### Work item
Nothing outside the range is to be copied. From the entries below, reproduce exactly the lines starting at the one with "2021 Amon-Ra St." and ending at the one with "The solution consists", without pictures.

### Information provided
------------------------------------------------------------

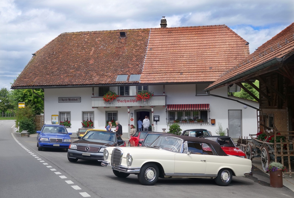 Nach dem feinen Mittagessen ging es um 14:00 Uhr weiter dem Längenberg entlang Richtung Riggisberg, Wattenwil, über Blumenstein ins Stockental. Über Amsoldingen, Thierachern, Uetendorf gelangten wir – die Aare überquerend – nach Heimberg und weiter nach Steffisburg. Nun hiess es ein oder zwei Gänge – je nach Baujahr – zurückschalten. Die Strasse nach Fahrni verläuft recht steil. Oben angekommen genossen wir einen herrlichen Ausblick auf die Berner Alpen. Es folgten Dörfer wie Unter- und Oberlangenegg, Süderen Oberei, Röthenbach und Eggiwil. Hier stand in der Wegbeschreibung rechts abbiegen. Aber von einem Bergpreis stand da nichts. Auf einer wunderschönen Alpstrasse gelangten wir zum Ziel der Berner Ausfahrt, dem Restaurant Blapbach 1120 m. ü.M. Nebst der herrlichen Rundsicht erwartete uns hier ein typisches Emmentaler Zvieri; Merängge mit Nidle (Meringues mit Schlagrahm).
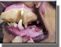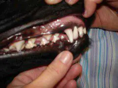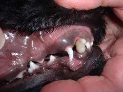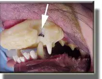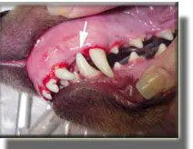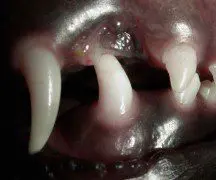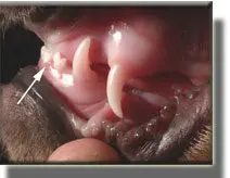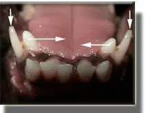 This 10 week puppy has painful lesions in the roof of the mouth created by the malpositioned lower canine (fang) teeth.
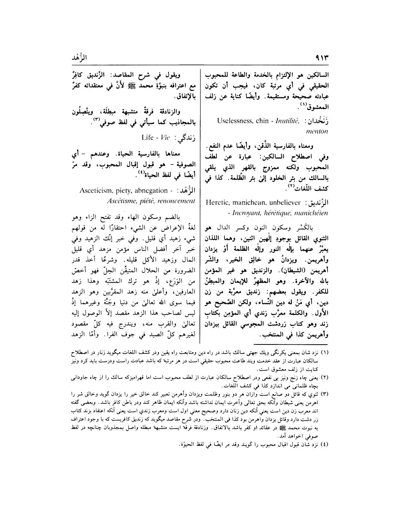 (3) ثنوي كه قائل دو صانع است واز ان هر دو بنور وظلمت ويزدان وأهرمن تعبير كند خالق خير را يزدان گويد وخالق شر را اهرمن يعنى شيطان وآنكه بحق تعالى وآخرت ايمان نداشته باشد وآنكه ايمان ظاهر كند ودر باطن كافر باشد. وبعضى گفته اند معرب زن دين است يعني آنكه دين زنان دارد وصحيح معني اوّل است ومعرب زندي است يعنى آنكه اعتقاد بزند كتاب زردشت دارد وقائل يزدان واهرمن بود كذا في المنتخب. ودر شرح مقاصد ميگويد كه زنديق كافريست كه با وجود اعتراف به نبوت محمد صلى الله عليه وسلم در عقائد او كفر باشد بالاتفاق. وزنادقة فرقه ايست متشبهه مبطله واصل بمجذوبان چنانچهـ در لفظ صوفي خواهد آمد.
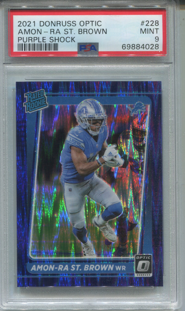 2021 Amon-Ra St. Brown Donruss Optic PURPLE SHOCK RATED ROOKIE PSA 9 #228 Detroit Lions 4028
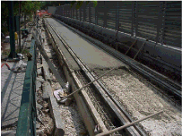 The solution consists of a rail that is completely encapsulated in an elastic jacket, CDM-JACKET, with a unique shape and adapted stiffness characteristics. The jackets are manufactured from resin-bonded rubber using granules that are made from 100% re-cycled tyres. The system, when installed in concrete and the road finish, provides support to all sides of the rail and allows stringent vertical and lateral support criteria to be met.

------------------------------------------------------------

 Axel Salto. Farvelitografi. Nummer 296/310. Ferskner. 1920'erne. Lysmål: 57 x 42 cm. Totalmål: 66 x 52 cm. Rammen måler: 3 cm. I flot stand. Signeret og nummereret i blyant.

------------------------------------------------------------

### Solution for this problem
 2021 Amon-Ra St. Brown Donruss Optic PURPLE SHOCK RATED ROOKIE PSA 9 #228 Detroit Lions 4028
 The solution consists of a rail that is completely encapsulated in an elastic jacket, CDM-JACKET, with a unique shape and adapted stiffness characteristics. The jackets are manufactured from resin-bonded rubber using granules that are made from 100% re-cycled tyres. The system, when installed in concrete and the road finish, provides support to all sides of the rail and allows stringent vertical and lateral support criteria to be met.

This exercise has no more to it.